## GOAL OF THE EXERCISE:
Your answer should contain only the lines from the top of the data below down through the one with "タグ付き越前蟹 ゆで蟹/せい", transcribed exactly and without pictures; please include nothing more.

## GIVEN MATERIAL:

+ + + + + + +

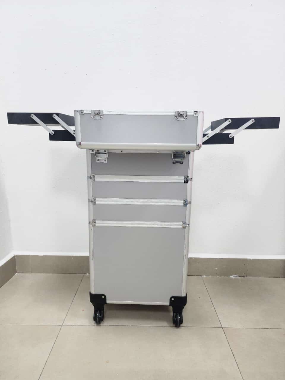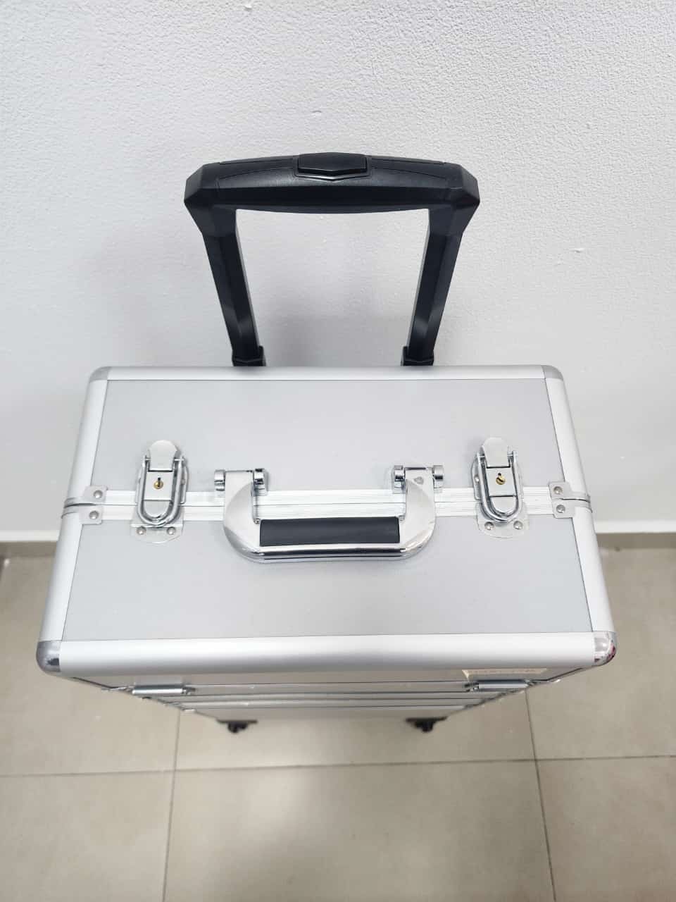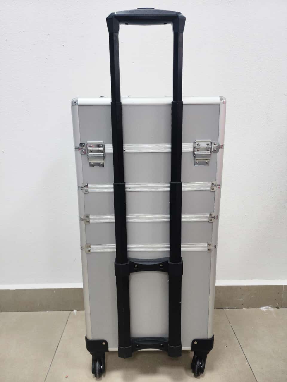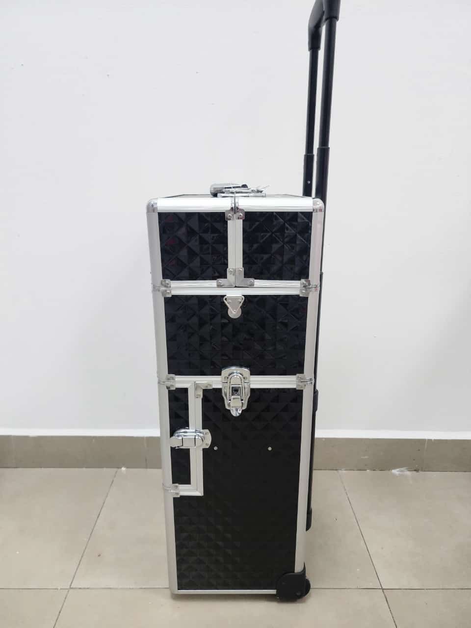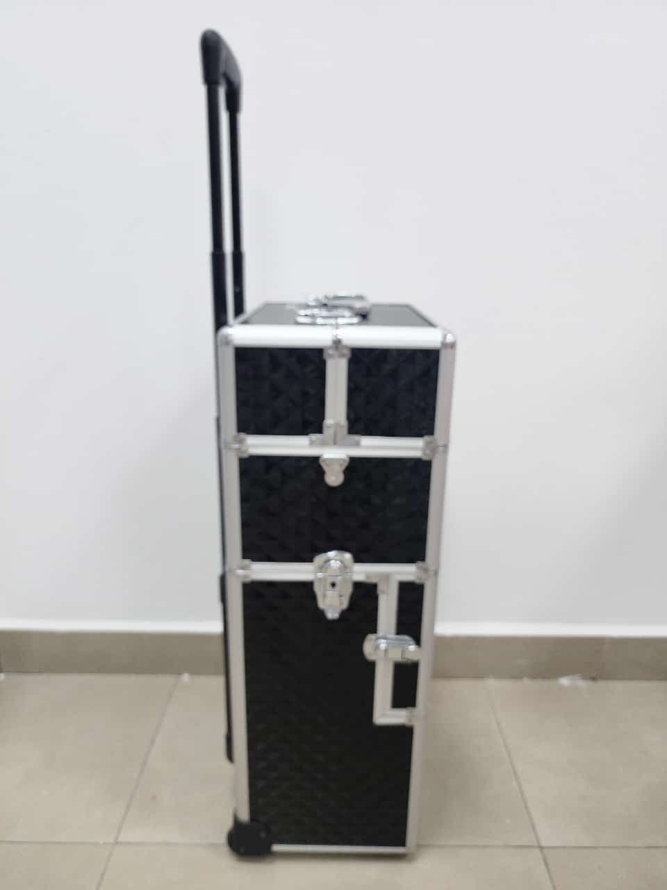 Producto: Maleta grande de 3 compartimentos con ruedas para guardar herramientas de manicure pedicure y maquillaje.
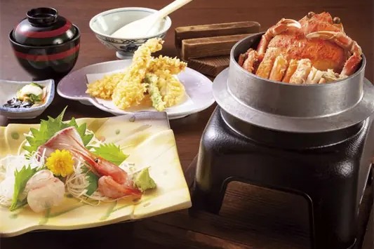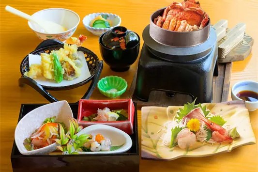 タグ付き越前蟹 ゆで蟹/せいこ身だし(年内)/蟹すき鍋/蟹天婦羅/せいこ蟹釜飯/造り3種/吸物/香物/デザート※せいこ身だしは年明けからせいこ蟹グラタンに変更になります
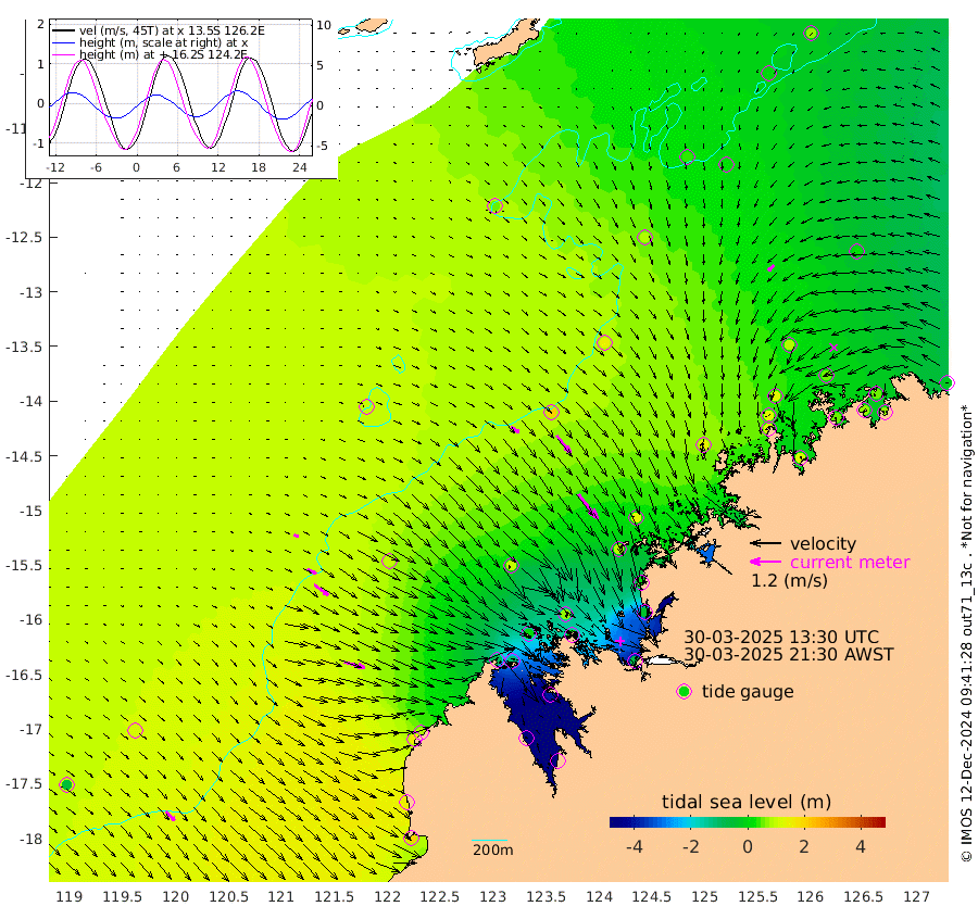 39cm/s 124T +10cm/s rms + 1cm/s 1T. NWSBRW 205m 49cm/s 136T +11cm/s rms + 6cm/s -110T. NWSROW 199m 122cm/s 142T +5cm/s rms + 2cm/s 65T. CAM050 58m 87cm/s 141T +12cm/s rms + 5cm/s 92T. CAM100 99m 19cm/s 117T +7cm/s rms + 1cm/s -85T. KIM400 396m 39cm/s 119T +9cm/s rms + 5cm/s -119T. KIM200 208m 70cm/s 126T +11cm/s rms + 5cm/s -147T. KIM100 99m 85cm/s 106T +8cm/s rms + 3cm/s -103T. KIM050 59m 33cm/s -132T +4cm/s rms + 2cm/s 23T. TIMORS88 91m -59cm Imperieuse Reef 108cm Mermaid Reef 200cm Broome 152cm Cape Baskerville 89cm Red Bluff 156cm Cape Boileau 101cm Scott Reef (WA) 60cm Ashmore Reef -77cm Karrakatta Bay -111cm Sunday Island -478cm Valentine Island -556cm Derby -397cm Port Usborne 6cm Bedford Islands 19cm Yampi Sound (Koolan Island) 66cm Macleay Island 95cm Adele Island 205cm Browse Island -63cm Shale Island -41cm Lizard Island 20cm Hall Point 90cm Degerando Island 123cm White Island 83cm Skua No. 4 Well 21cm Jabiru 146cm Maret Island 125cm Baudin Island 133cm Cape Voltaire (Krait Bay) 9cm Dillon Shoal 74cm Laminaria 107cm Port Warrender 49cm Troughton Island 123cm Cassini Island 90cm West Holothuria Reef Offshore 51cm Jar Island 103cm Lynher Bank 136cm Heywood Shoal 44cm Pee Shoal 18cm Van Cloon Shoal 58cm Carronade Island 66cm Guy Point 69cm Napier Broome Bay -16cm Lesueur Island

+ + + + + + +

## SOLUTION:
 Producto: Maleta grande de 3 compartimentos con ruedas para guardar herramientas de manicure pedicure y maquillaje.
 タグ付き越前蟹 ゆで蟹/せいこ身だし(年内)/蟹すき鍋/蟹天婦羅/せいこ蟹釜飯/造り3種/吸物/香物/デザート※せいこ身だしは年明けからせいこ蟹グラタンに変更になります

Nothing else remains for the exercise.